Par Ingrid Merckx, rédactrice en chef
L’œuvre du dessinateur phare du New Yorker à partir d’une œuvre de Stravinsky est sortie sur grand écran. La partition est aussi hétéroclite que le dessin, mêlant jazz, valses, et chants sacrés, ce qui fait de ce film un bel objet stimulant les sens et l’imaginaire.
Et le diable aimait la musique. Le violon surtout, et pas n’importe lequel. Un violon dont un soldat jouait si divinement que le diable fit pression sur lui, lui promettant monts et merveilles en échange de l’instrument. En 1984, R. O. Blechman, le dessinateur phare du New Yorker, a repris le mythe de Faust qui vend son âme au diable pour écrire une histoire animée à partir d’un opéra de chambre créé par Stravinski en 1918 et intitulé L’Histoire d’un soldat.
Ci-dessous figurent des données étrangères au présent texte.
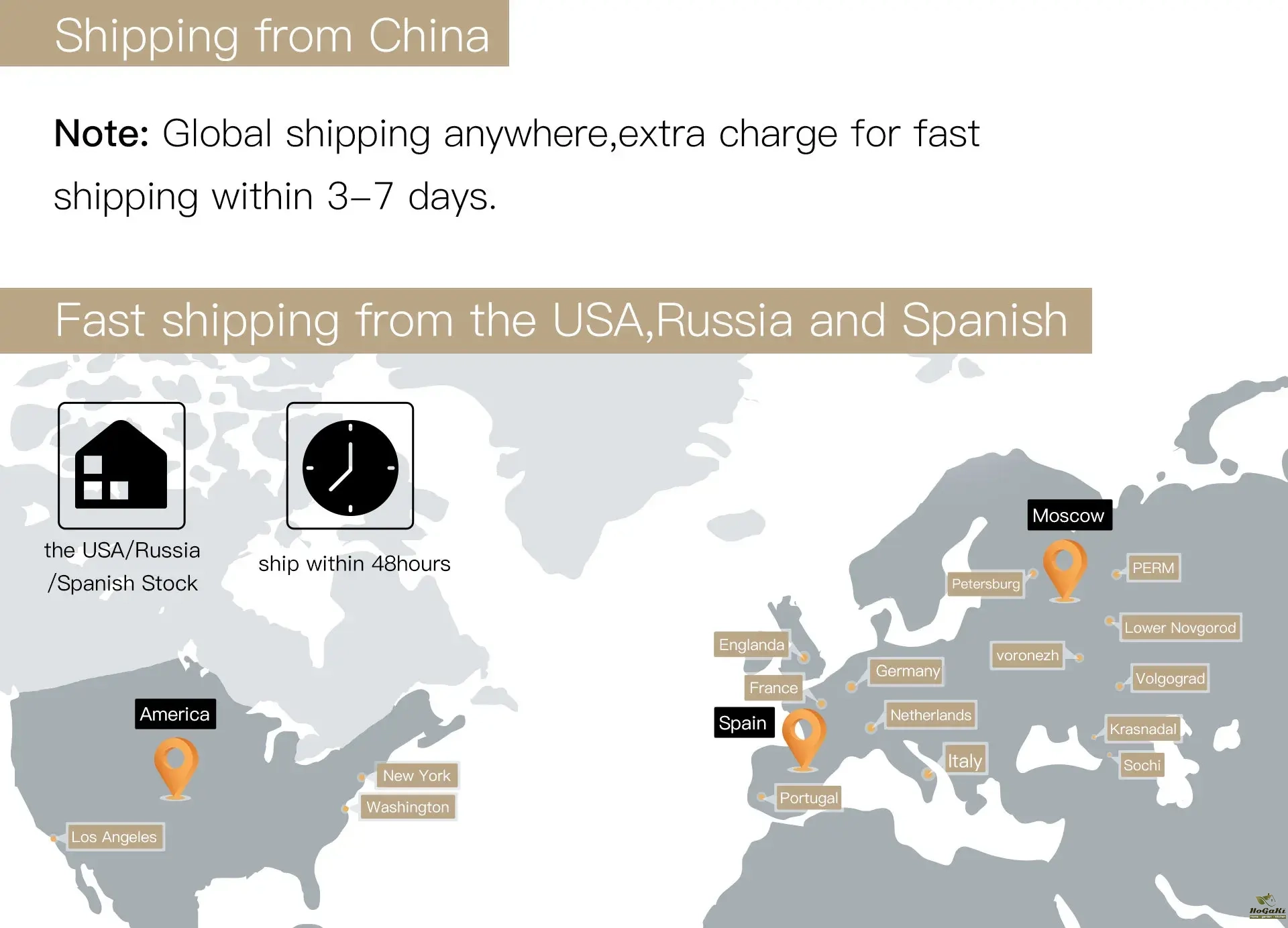 Packages from our warehouse in China will be shipped by ePacket or EMS depending on the weight and size of the product. Packages shipped from our US warehouse are shipped through USPS.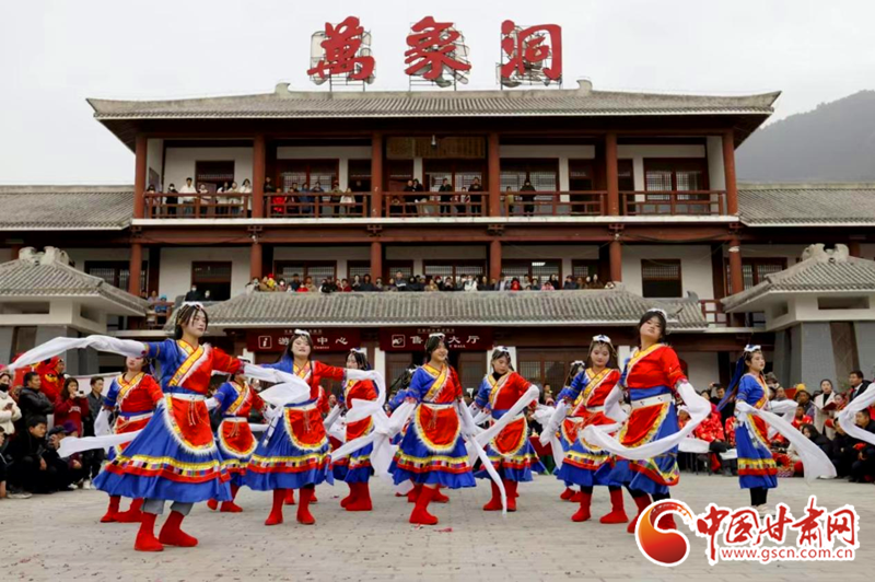 2024年2月21日,在甘肅省隴南市國家AAAA級景區(qū)——武都區(qū)萬象洞風(fēng)景名勝區(qū),當(dāng)?shù)厝罕娊M織的社火表演隊(duì)正在演出。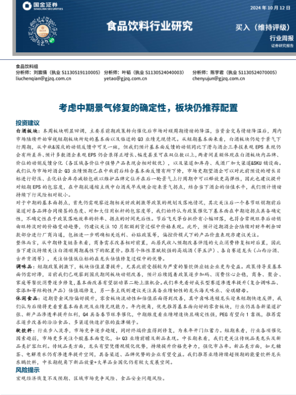 【国金证券】【20241012】20241012-国金证券-食品饮料行业周报:考虑中期景气修复的确定性,板块仍推荐配置-10页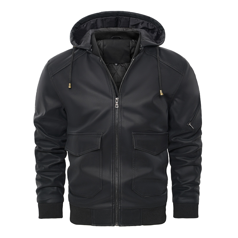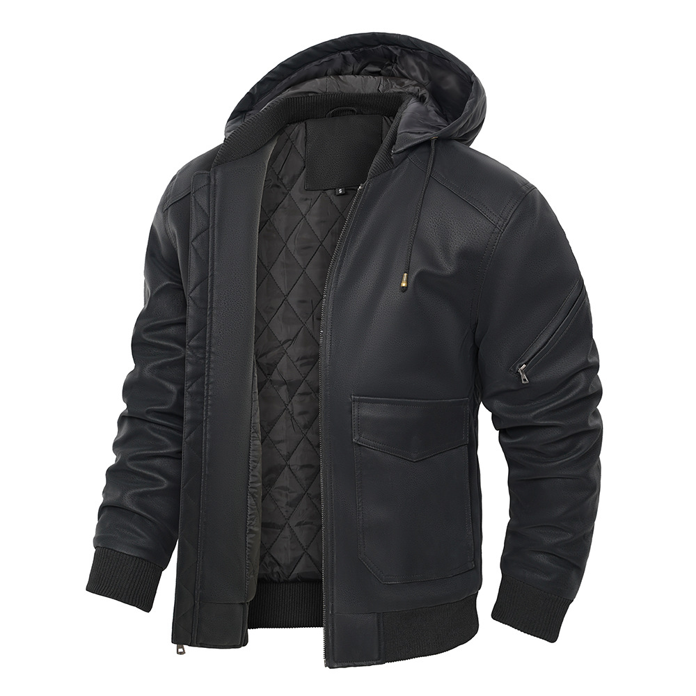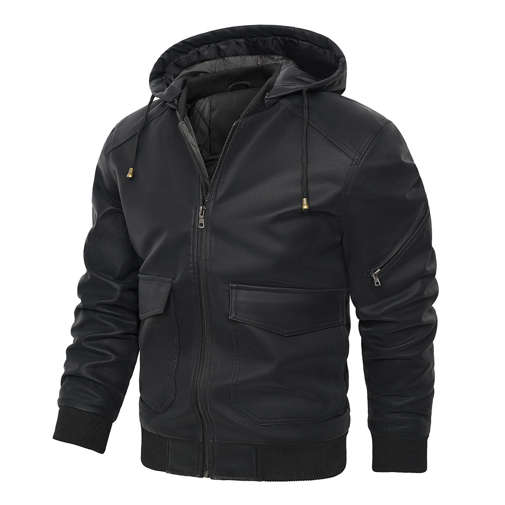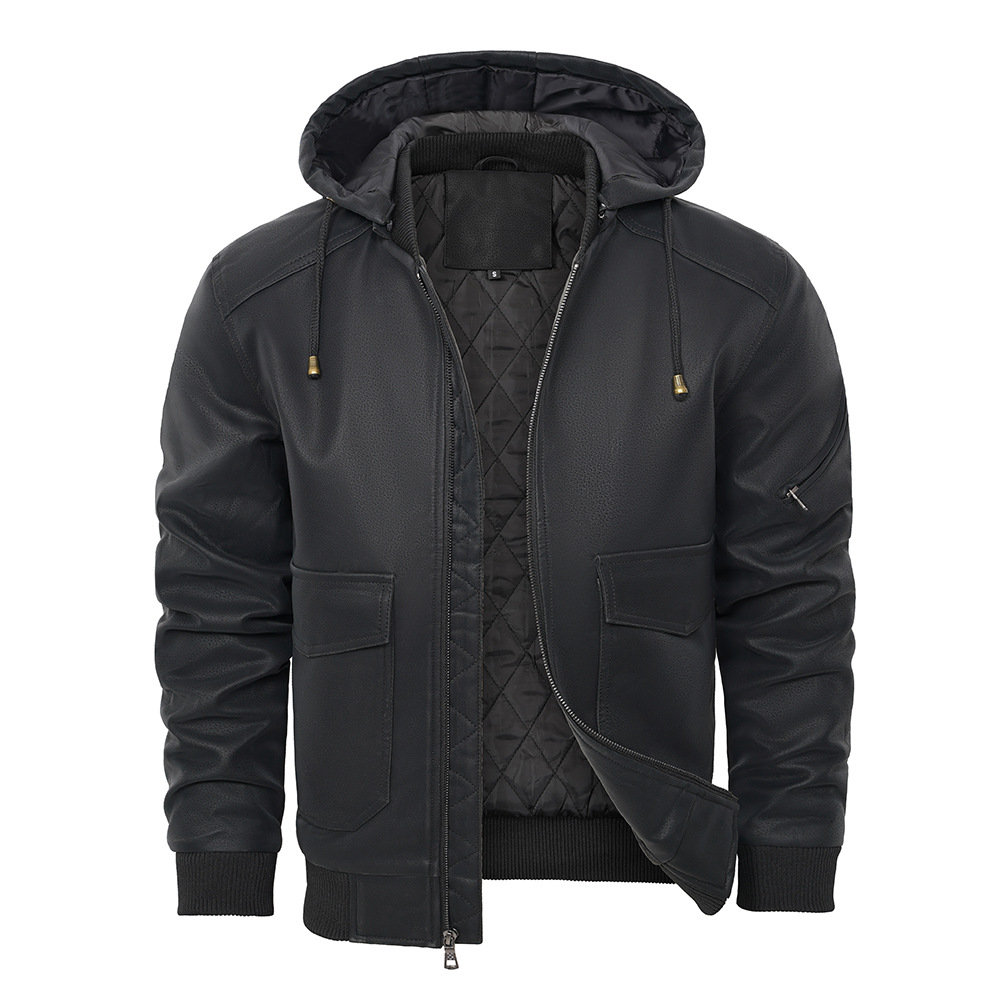 유럽과 미국 크로스 보더 후드 PU 가죽 자켓 아마존 두꺼운 가죽 남성 가을과 겨울 새로운 따뜻한 코트 유럽 사이즈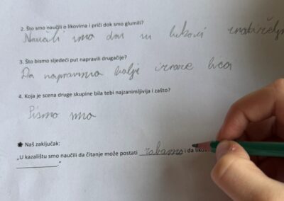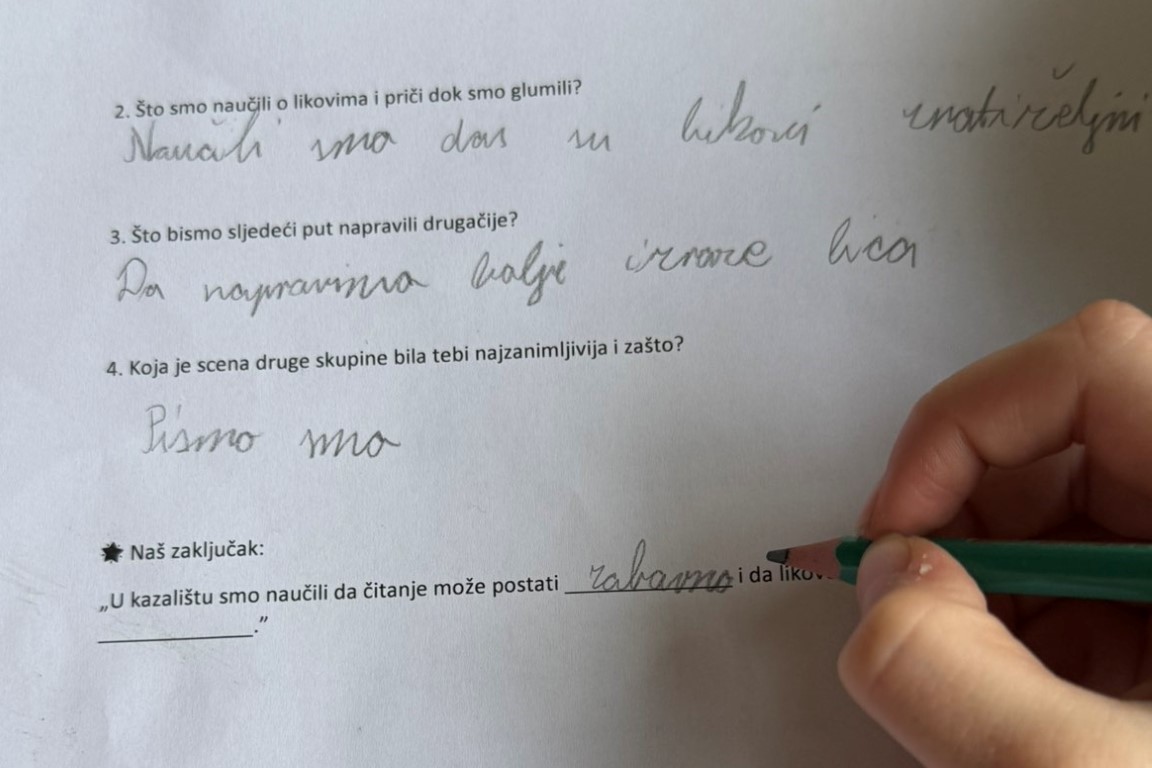Radionica je učenicima omogućila doživjeti književno djelo na sasvim novi način – ne samo kao tekst koji se čita, nego i kao priču koja se može oživjeti. Postali su pravi mali glumci koji su dokazali kako čitanje može biti i kreativno i zabavno iskustvo.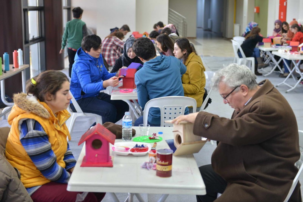 Rengârenk boyanan kuş evleri, etkinlik sonunda kampüsün çeşitli noktalarına yerleştirilecek.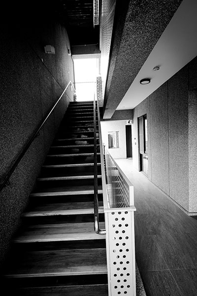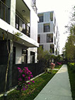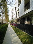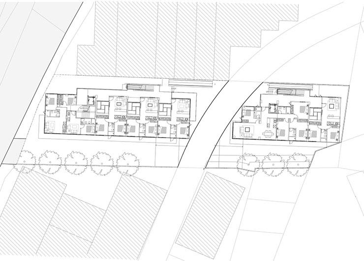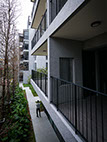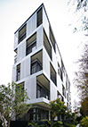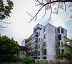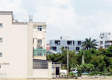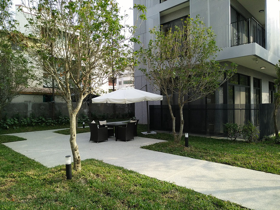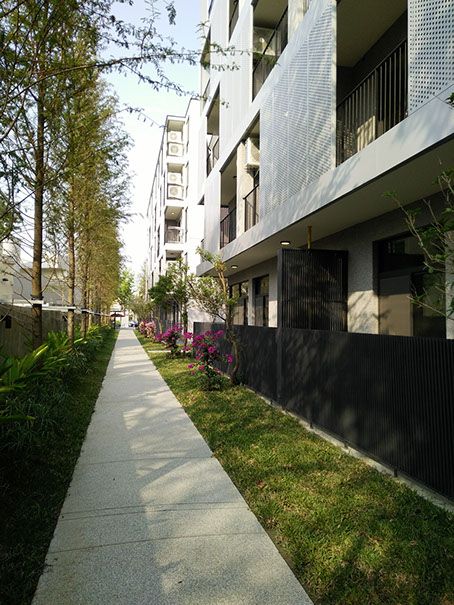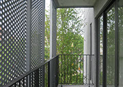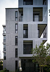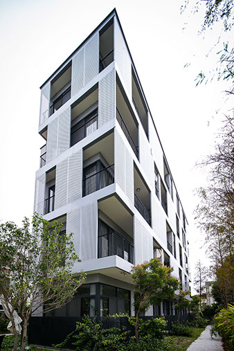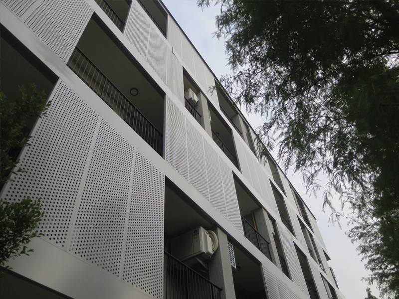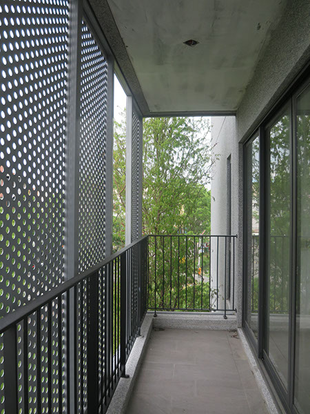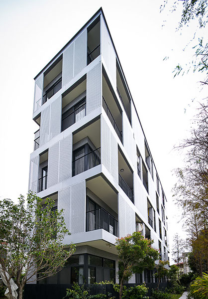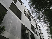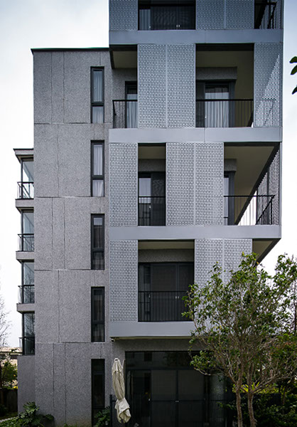 五層公寓的規劃案。 主要的景觀是向西面,為避免向西的開口會有大量的西曬,陽台立面上的設計活動的沖孔版遮陽,不僅是可隔熱通風的皮層,同時在立面上也形成一種秩序與韻律。
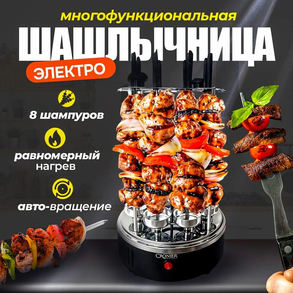 Шашлык — это не просто еда, это целая культура, обычаи и традиции, которые объединяют людей за столом. Приготовление шашлыка на открытом огне — это искусство, но что делать, если вы хотите наслаждаться этим деликатесом в любое время года, не выходя из дома? Ответ прост — электрошашлычница CRONIER. Эта вертикальная шашлычница с мощностью 1500 Вт и возможностью использования 8 шампуров обещает стать вашим верным помощником в кулинарных приключениях. Давайте подробно рассмотрим, что же делает эту шашлычницу такой привлекательной.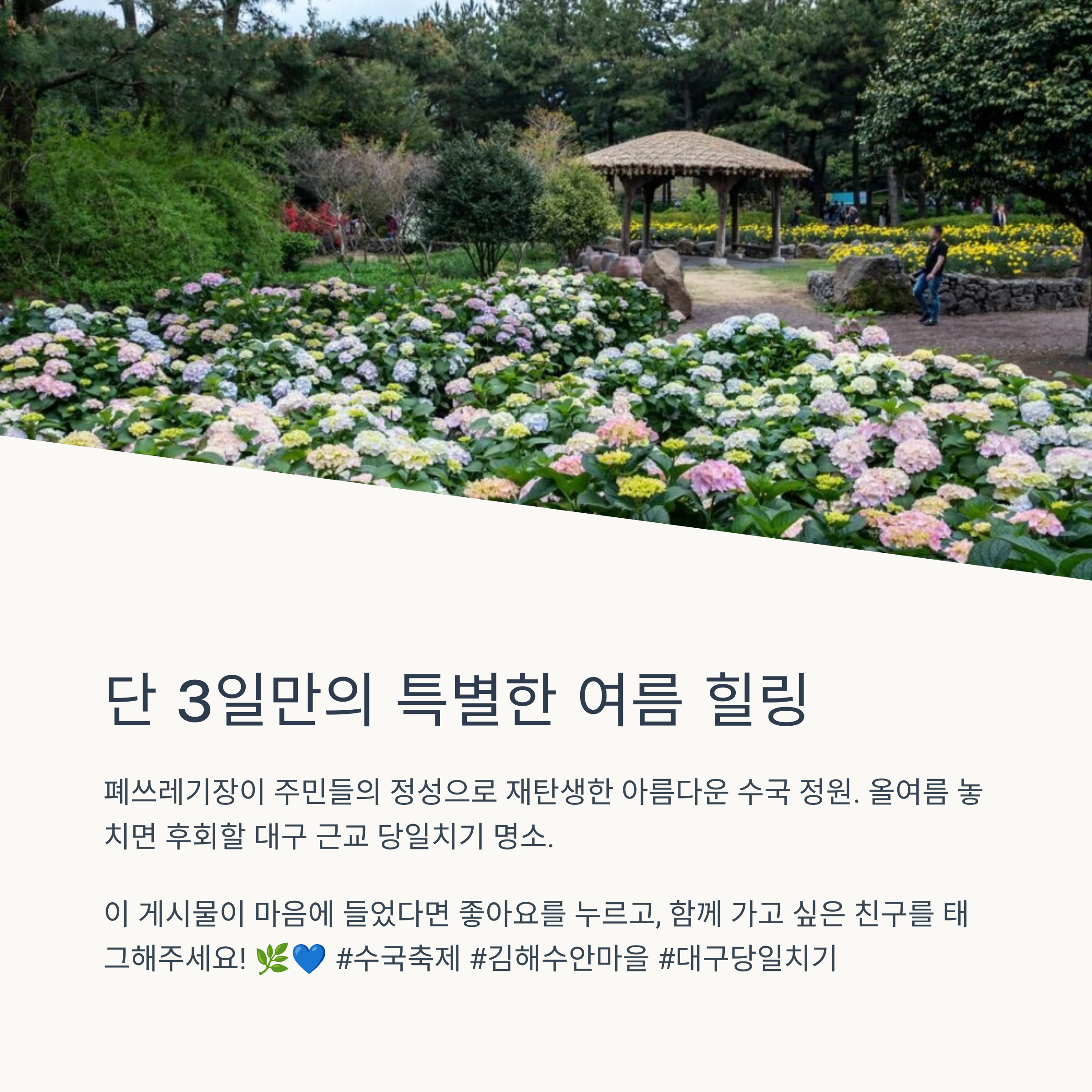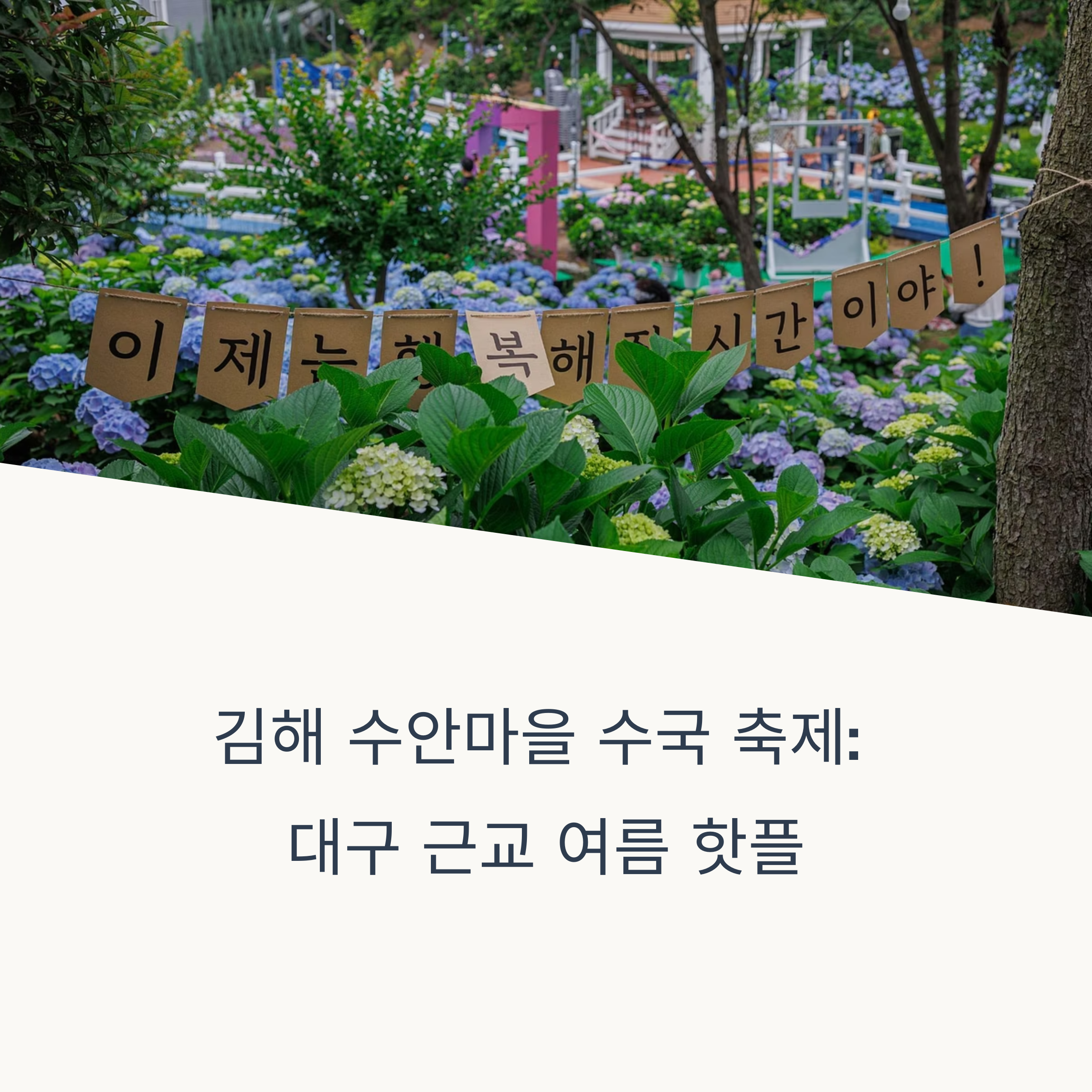 여름이 다가오면 여행을 계획하시는 분들이 많습니다. 특히 도심에서 가까운 당일치기 여행지를 찾는다면 더더욱 반가운 소식이 아닐 수 없죠. 이번 글에서는 대구 근교에서 짧지만 인상 깊은 여행을 즐길 수 있는 김해 수안마을 수국 축제를 소개드리려 합니다. 예전에는 쓰레기장이었던 이 마을이 지금은 수국으로 가득한 명소가 되었다는 사실, 알고 계셨나요? 주민들의 정성어린 손길로 바뀐 이곳은 방문객들에게 감동을 전하고 있습니다. 형형색색 수국과 함께 펼쳐지는 마을 축제, 그리고 여름철에만 느낄 수 있는 청량한 대나무숲 산책까지. 마음의 휴식을 찾고 싶다면 이번 축제를 절대 놓치지 마세요. 누구나 가볍게 다녀올 수 있는 코스이기에, 주말 나들이나 평일 힐링에도 제격입니다. 가족, 친구, 연인과 함께 추억을 만들 수 있는 좋은 기회가 될 것입니다. 지금부터 수안마을의 매력을 하나씩 알아보겠습니다.

Le film ne démarre étrangement pas par des dessins animés mais par un diaporama de photos de guerre avant d’enchainer sur des extraits de films courts sur « les années folles ». L’expression aurait été inventée par les Français : « Toute une génération est sortie des tranchées pour se jeter à tête perdue dans un tourbillon d’activité. », explique une voix off (François Périer)sur le ton des actualités diffusées au cinéma à l’époque. « On est vivants, c’était le cri de ralliement de la nouvelle culture. Il n’y avait plus qu’un seul ennemi : l’ennui. »
Les images à l’écran défilent comme au temps du cinéma muet, accompagnées par un piano solo. Puis elles en viennent à présenter Igor Stravinsky, le compositeur russe, qui a fui la guerre dans une retraite sur les bords du lac Léman. « Coupé de sa terre natale, il allait entreprendre un voyage au pays natal mais à travers la musique. » Aidé par le poète suisse Charles Ramuz, il a bâti une œuvre théâtrale : l’histoire d’un soldat rentrant de guerre qui rencontre le diable sur le trajet. Il a combiné la musique de l’époque : le jazz et le tango avec des valses, des marches et des hymnes religieux. L’instrumentation également était originale : sept instruments rassemblant bois, cuivres et percussions.
Le dessinateur a commencé à insérer des dessins entre les photos, des dessins reprenant les portraits photographiques, de Stravinsky par exemple. Et quand l’introduction sur le compositeur s’achève, et que L’Histoire du soldat débute, alors le dessin prend toute la place. L’histoire réelle cède devant la fiction.
L’ouverture de l’opéra, joyeuse, accompagne la démobilisation du soldat-héros. Le trait tremblé est minimaliste, presque naïf, mais follement expressif. La rupture d’avec la guerre se fait sur un passage en ombres chinoises qui se brisent en figures géométriques évoquant les toiles de Mondrian. R. O. Blechman multiplie les citations aux expressions en vogue de l’époque, picturales et musicales. Très rapidement, son Histoire de soldat laisse comprendre qu’au-delà de cette fable racontée par le même narrateur que celui qui présentait les actualités, c’est un projet artistique complet qui se déploie sous les yeux du spectateur stimulé et captivé.
Le film passe de la couleur au noir et blanc. Le soldat, qui s’appelle Vertov (avec la voix d’Henri Salvador), part chez le diable (voix de Serge Gainsbourg) pour lui apprendre à jouer du violon. En échange, le diable l’initie au cours de la bourse. Se dessine en creux une critique du capitalisme, où l’argent corrompt et les princesses se meurent, ce qui donne au pacte faustien une profondeur contemporaine.
Vertov en perd l’art de jouer de la musique, ce qu’il avait au fond de plus précieux. Mais L’Histoire du soldat est peut-être d’abord, et surtout, une leçon de dessin et d’animation : chaque plan, chaque séquence, mériterait une analyse, à la croisée des disciplines et des interprétations.
I. M.
R.O. Blechman, L’Histoire du soldat, film américain (55 minutes). Avec les voix de François Périer, Henri Salvador et Serge Gainsbourg. En salles depuis le 9 avril.